I’m happy that one (or a dozen) of his readers took him to task on this, but he didn’t really answer the question and what he did say, he said in a belligerent and deceptive manner. Here’s why:

1. He used the lowest hanging fruit — LeBron James — as an example.
As outlined in one of my previous posts, LeBron James should absolutely cut back on his three pointers, especially ones that are contested. He’s so productive when going to the hole that he should do it as much as possible, within reason. There is no other player in the league that is quite as productive when attacking the basket — okay, maybe there is, but let’s agree that LeBron is deadly when going to the hole — but Bill’s arbitrary “no three’s” rule doesn’t apply to everyone. Baron Davis was the other example in Bill’s original column and he’s not nearly as productive when attacking the basket.

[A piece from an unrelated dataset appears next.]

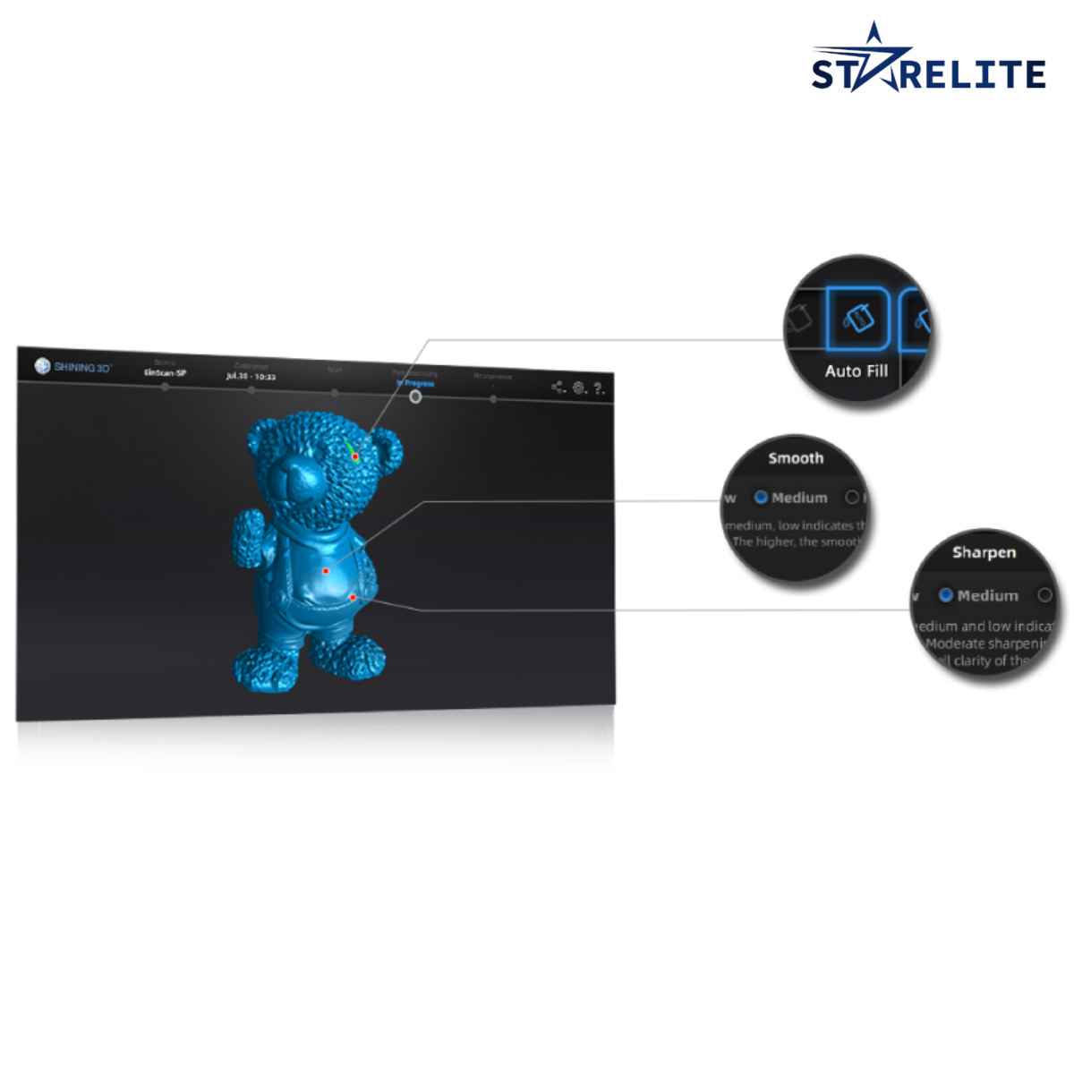 • Phần mềm EXSCAN PRO trực quan, hỗ trợ nhiều định dạng xuất dữ liệu (STL, OBJ, ASC).

2. He ignores the impact of the threat of the three.
LeBron has to take the occasional three because he needs to keep the defense honest. If he completely cuts them out of the game (and that’s what Bill wants, based on his suggestion from the original column that he should be fined anytime he takes one), then the defender will know that he doesn’t have to close out on him as hard and that’s going to close LeBron’s driving lanes down. This is going to result in a drop in productivity when he goes to the hole, especially when help defenders are able to stay home. This is doubly true for players that aren’t as quick or as strong as LeBron. They have to get their defenders out of position to get by them and it’s nearly impossible to do that without the threat of the long ball.

Again, it’s generally better to take the ball inside, but you can’t do that every single time because the defense will counter. Even if a team’s leading or second-leading scorer is only making 30% of his threes, it’s still okay to shoot a few (2-3 per game) because he’s getting three points for every make and he’s keeping the defense honest (and the driving lanes open).

It’s points like these that make it painfully obvious that Bill has never played basketball on a high level.